Under the Hood: How LLMs Spend Their Time

LLMs are usually treated as big black boxes, and I don’t really like black boxes.

I think one of the nicest ways to approach black boxes in the software world is performance analysis.

So we’re going to run a few experiments.

The setup

We’ll use a small language model that we can run ourselves, without having to sell our house to do it.

The model is: https://huggingface.co/microsoft/Phi-3-mini-4k-instruct-gguf

This is Phi-3 Mini — a relatively small model with 3.8B parameters from Microsoft, using the 4k context-length variant.

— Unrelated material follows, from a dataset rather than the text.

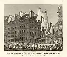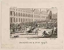 Le lendemain 17 juillet, la pétition est déposée au Champ-de-Mars, sur laquelle se rassemble une foule de 5 000 personnes[Note 9]. À la suite d’incidents, la loi martiale est décrétée par la municipalité, dirigée par Bailly. La Fayette fait tirer sur la foule. La fusillade du Champ-de-Mars[81] qui fera 50 morts crée une rupture durable entre les monarchistes constitutionnels et les autres révolutionnaires, démocrates[82], comme Danton, Marat ou Robespierre ou républicains comme Condorcet.

We’ll use huggingface_hub to download the model and llama_cpp to run it.

https://medium.com/media/92abef2a3f22c68376e568127a8fdb87/href

So what the hell is actually happening here?

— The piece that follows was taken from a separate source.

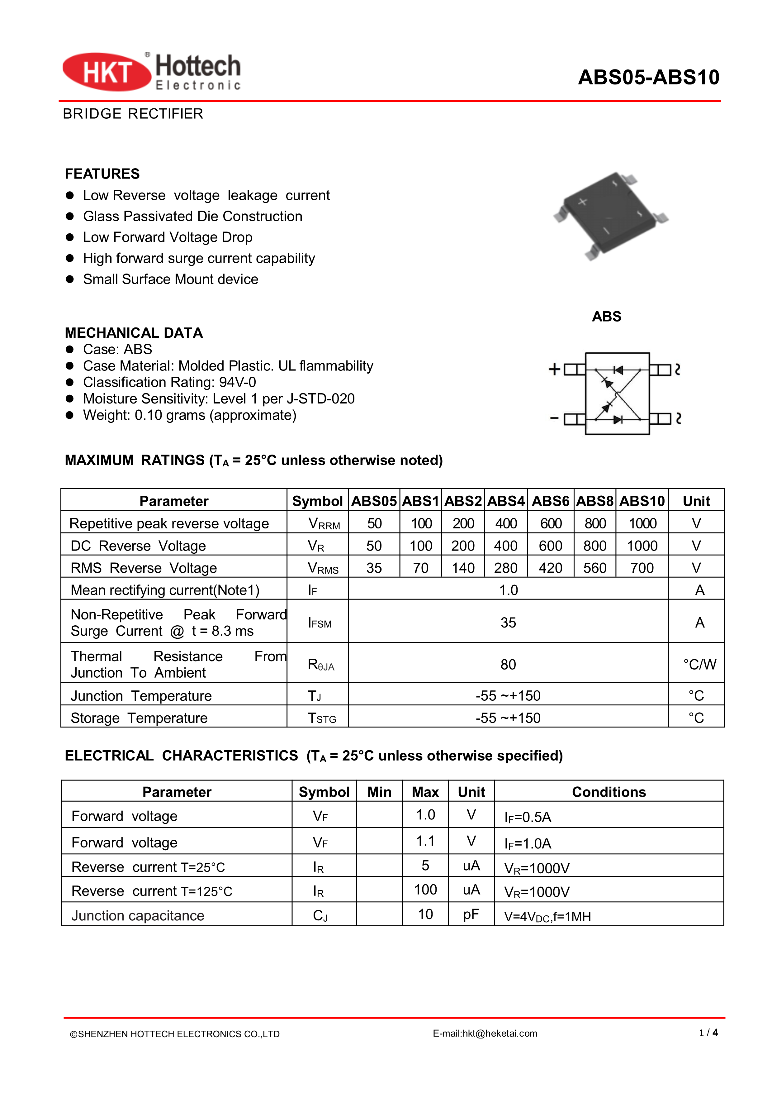 ABS10數據手冊ABS封裝Hottech(閤科泰)PDF規格書,中英文下載

We import llama_cpp, a highly optimized library for running LLMs efficiently.

from huggingface_hub import hf_hub_download

We configure the model name and file, specifically selecting Phi-3 with FP16 weights.

FP16 indicates that each model weight is stored as a 16-bit value, preserving relatively high precision.

model_name = "microsoft/Phi-3-mini-4k-instruct-gguf"
model_file = "Phi-3-mini-4k-instruct-fp16.gguf"
model_path = hf_hub_download(model_name, filename=model_file)

Loading the model — this step initializes the engine and allocates memory.

llm = Llama(
    model_path=model_path,
    n_gpu_layers=-1,
    n_ctx=4096,
    verbose=True
)

n_gpu_layers = -1 means all layers of the model are loaded directly into the GPU VRAM. In our case, that’s roughly 8 GB of model weights sitting right in VRAM, giving the GPU fast access to the model.
n_ctx = 4096 reserves a fixed number of tokens for both input and output. This directly affects how much VRAM is needed to store the context.
verbose=True lets us see detailed logs during both loading and execution.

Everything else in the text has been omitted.